Mořský ježek, What's In a Name?
Mořský is an adjective derived from the word moře, sea, and ježek is Czech for hedgehog. A Czech “sea hedgehog” is sea urchin in English. I found this by chance while looking up ježek in my Czech-English dictionary. Ježek is also a Czech family name, as in Jaroslav Ježek (1906–1942), one of my favorite Czech composers. He wrote classical music and songs with jazz influence in the 1920s and ’30s. When I saw the note in the dictionary’s entry on ježek that said (mořský ~, sea urchin) it stuck in my mind. At least since Shakespeare wrote about the “coasts of Bohemia,” Czechs have had a we-have-no-sea inferiority complex. The country is landlocked, and there is a strange fascination with “the sea.” So the name was a great combination of a bizarre Czech obsession and my interest in Czech music.

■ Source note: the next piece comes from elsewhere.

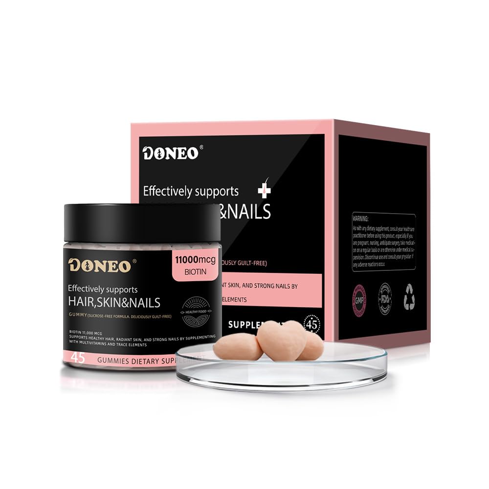 Made in the USA! Clinically Tested - Doneo always prioritizes quality. That's why our biotin vitamins are all made in the USA with only safe and tested ingredients that meet the strictest standards. After 28 days of clinical testing, it reduces hair loss and revitalizes hair follicles. All-in-One Beauty Support – Combines 23 nutrients (including PPQ and collagen) in a daily dose. Targets hair growth, skin hydration, and nail strength while supporting energy metabolism and overall health. Quality and safety you can trust - rigorously tested for purity and potency. Free of gelatin, GMOs and synthetic additives. Comes with a 30-day money-back guarantee to give you confidence in every bottle. Science-Backed Formula – Contains a powerful blend of biotin (B7), hyaluronic acid, keratin, and antioxidants to combat oxidative stress, enhance elasticity, and promote a youthful glow. Vegan, non-GMO, and gluten-free. Delicious and sugar-free gummies - no more hard-to-swallow pills! Enjoy natural vegan gummies with sugar-free ingredients and don't worry about being difficult to manage your body after taking it for a long time. Perfect for beauty support on the go, with no artificial flavors or preservatives. Boost Hair, Skin Nail Health – Packed with 11,000 mcg Biotin, collagen, and essential vitamins (A, C, E, B-complex) to nourish from within. Supports stronger nails, thicker hair, and radiant skin while promoting natural collagen production.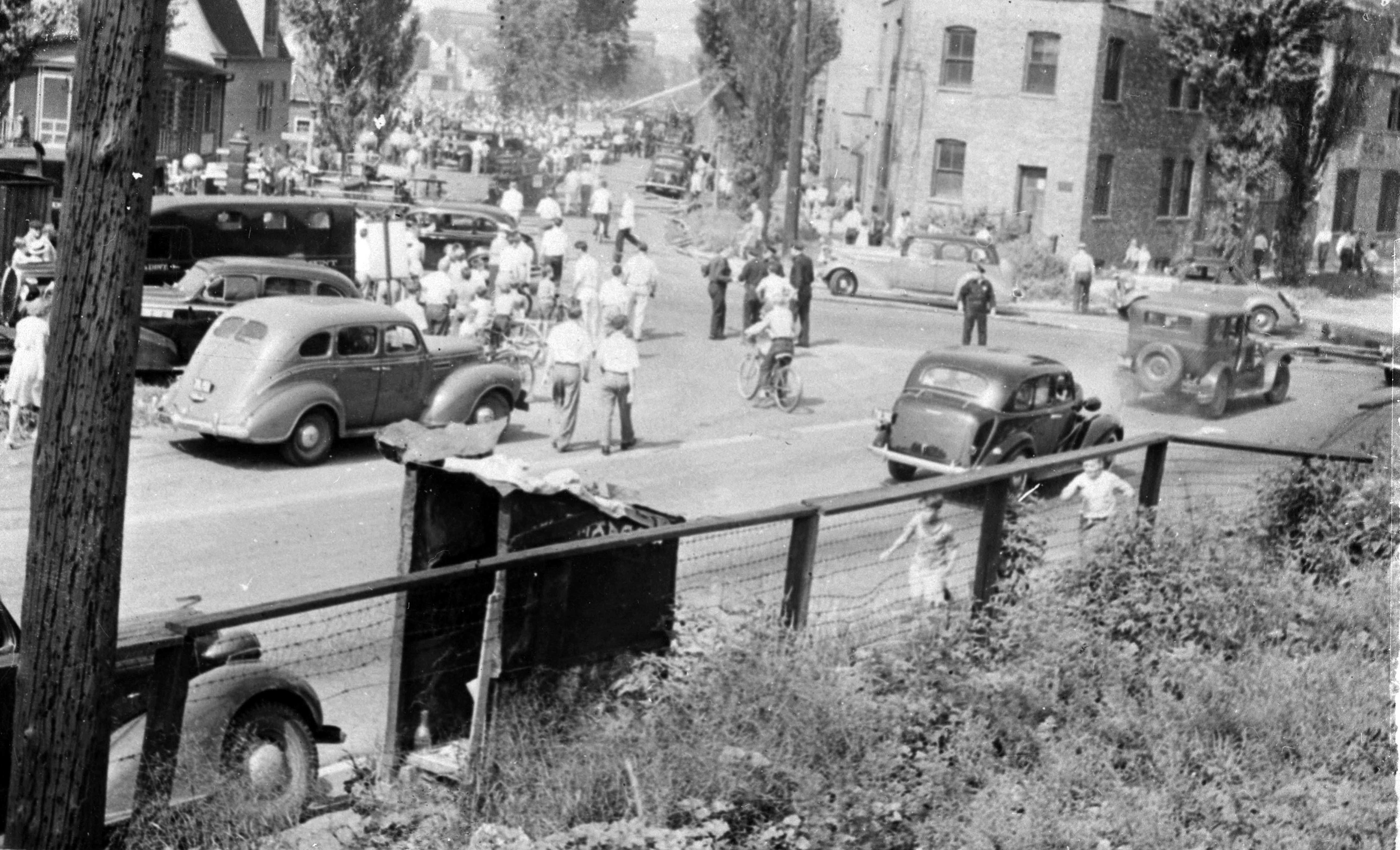 Description: | This photograph shows the intersection and street full of onlookers vehicles and police near the Van Schaak Brothers Chemical Factory. |

A graduate student in music and anthropology writing a dissertation about music in Moravia, the eastern third of the Czech Republic. At some point, the Czech Republic's "second city" (that would be Brno) captured my attention, and I've since been blogging about events, arts, music, and other stuff—basically whatever interests me in and around the cityscape. I'm not living in Brno now, but I keep up with the cultural pulse from afar as best I can.


Comments:
I was wondering when someone would ask about that. It didn't seem automatically music related even though Ježek did cross the Atlantic.
4:20 PM, November 06, 2005
I agree about the image of the sea-hedgehog. While I like sea urchins, I too had visions of the mořský ježek being a special kind of aquatic hedgehog, sort of like North American marsh and swamp rabbits that (according to my North American Mammals guide) like to swim.